Аристотель без колебаний включил в число добродетелей кое-какие стороны, относящиеся к сфере вкуса….Человека, наделенного вкусом, в картине порока более всего отвращает уродство, нарушение пропорции. Порок посягает на справедливость и на истину, возмущает разум и совесть, но особенно ранит иные поэтические души как оскорбление гармонии, как диссонанс, и я не думаю, что было бы недозволительно рассматривать всякое нарушение нравственности, идеальной нравственности, как разновидность преступления против всемирного ритма и просодии[696].

Более того, он считает, что именно присущий человеку «бессмертный инстинкт красоты позволяет нам рассматривать землю… как отображение, как соответствие неба». Небо же – знак некоего абсолютного идеала для человека, обреченного «томиться вдали от совершенства, но уже теперь, на земле жаждущего рая, что был явлен ему в откровении». Рай, по Бодлеру, – это совершенство, гармония, и к такому умозаключению он приходит, отталкиваясь от идеи Аристотеля о вкусе как об одном из проявлений добродетели.
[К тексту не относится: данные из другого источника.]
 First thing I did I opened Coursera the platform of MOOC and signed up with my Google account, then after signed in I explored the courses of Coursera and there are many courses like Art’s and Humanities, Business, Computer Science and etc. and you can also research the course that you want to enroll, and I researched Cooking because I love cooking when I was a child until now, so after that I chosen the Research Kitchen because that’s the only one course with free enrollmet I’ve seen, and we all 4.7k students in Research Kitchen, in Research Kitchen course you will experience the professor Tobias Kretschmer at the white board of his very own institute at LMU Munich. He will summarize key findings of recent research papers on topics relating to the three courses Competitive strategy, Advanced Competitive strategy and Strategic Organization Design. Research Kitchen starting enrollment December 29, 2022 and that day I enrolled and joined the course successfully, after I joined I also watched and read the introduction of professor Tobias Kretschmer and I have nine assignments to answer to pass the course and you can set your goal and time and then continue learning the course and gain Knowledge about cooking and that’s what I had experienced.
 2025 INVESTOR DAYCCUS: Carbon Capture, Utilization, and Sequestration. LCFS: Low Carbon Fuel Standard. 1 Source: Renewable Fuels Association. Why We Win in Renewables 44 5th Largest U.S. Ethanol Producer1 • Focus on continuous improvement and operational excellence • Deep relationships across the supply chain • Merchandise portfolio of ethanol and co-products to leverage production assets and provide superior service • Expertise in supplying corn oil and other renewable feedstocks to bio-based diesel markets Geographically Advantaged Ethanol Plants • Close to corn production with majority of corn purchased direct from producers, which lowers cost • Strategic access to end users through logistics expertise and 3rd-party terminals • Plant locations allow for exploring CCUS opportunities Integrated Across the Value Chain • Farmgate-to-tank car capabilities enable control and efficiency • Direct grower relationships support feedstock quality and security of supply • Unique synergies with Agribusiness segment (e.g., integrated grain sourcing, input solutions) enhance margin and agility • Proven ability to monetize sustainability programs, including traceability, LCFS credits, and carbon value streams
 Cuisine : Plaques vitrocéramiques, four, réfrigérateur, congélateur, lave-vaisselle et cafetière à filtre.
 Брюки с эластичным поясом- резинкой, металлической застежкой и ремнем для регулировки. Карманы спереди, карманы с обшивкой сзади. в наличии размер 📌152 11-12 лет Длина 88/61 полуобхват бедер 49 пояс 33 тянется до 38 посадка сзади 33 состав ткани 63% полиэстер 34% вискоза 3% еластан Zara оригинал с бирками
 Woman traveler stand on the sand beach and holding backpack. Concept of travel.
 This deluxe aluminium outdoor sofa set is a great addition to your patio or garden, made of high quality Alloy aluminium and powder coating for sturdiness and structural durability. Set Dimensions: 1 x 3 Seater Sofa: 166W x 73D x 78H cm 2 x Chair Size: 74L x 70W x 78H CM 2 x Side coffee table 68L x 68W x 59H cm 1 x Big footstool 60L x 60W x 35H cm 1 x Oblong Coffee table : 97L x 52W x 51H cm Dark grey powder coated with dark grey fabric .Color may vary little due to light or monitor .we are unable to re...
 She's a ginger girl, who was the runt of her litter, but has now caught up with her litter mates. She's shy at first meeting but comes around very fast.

Он не исключает нравственность из сферы творчества, но принимает ее только как элемент гармонии, оставляя главенствующую роль Красоте как высшему принципу мироустройства.

Идея самоценности литературы, которая должна быть свободной от полезности и морализирования, импонирует ему и в произведениях По, тем более что здесь эта идея «облачена» не в античные, как у Готье, «одежды», а в современные. Со все большим вниманием вчитываясь в написанное американским автором, Бодлер находит у него поразительные созвучия с собственными идеями и эстетическими пристрастиями. В очерке «Эдгар По, его жизнь и его труды» (1852) о таких созвучиях говорится немало, многое из этого повторяется и в очерке 1856 г., и в «Новых заметках об Эдгаре По», которыми Бодлер предваряет свои переводы рассказов По («Nouvelles histoires extraordinaires», 1857): о самоценности искусства; о «неземной», «странной музыке» поэзии По; о его повергающей в ужас манере живописать гротескное и страшное, а также случаях «исключительных с точки зрения нравственности»; об умении «анализировать неосязаемое, взвешивать невесомое», а также о стремлении уловить в человеческих побуждениях и «дыхание запредельного», и смутную тревогу от ощущения своего одиночества в природе и в городской толпе.

Любопытно отметить и то, что второму из этих очерков предпосланы три эпиграфа: два из них – это переведенные Бодлером стихи По (в том числе из «Ворона»), а третий эпиграф – строки о зловещей судьбе из стихотворения Готье «Ténèbres»:

Sur son trône d’airain, le Destin qui s’en raille,

Enbibe leur éponge avec du fiel amer,

Et la Nécessité les tord dans sa tenaille[697].

Общий в этих цитатах мотив неодолимости злой судьбы важен для Бодлера как некий знак сближения между По и Готье или баланса между «чашами весов»: на одной из них – явное восхищение По, в котором он нашел единомышленника, тогда как на другой – верность «безупречному учителю и другу». Посвящение «Цветов Зла» Теофилю Готье должно пополнить чашу «учителя и друга». В то же время самого Готье посредством параллельного с По цитирования Бодлер переключает из «парнасского» регистра невозмутимой, чистой Красоты в регистр «про́клятой судьбы» поэта-парии, тем самым усиливая акцент в сторону По (стихотворение «Ténèbres» упоминалось уже в первом из эссе о По).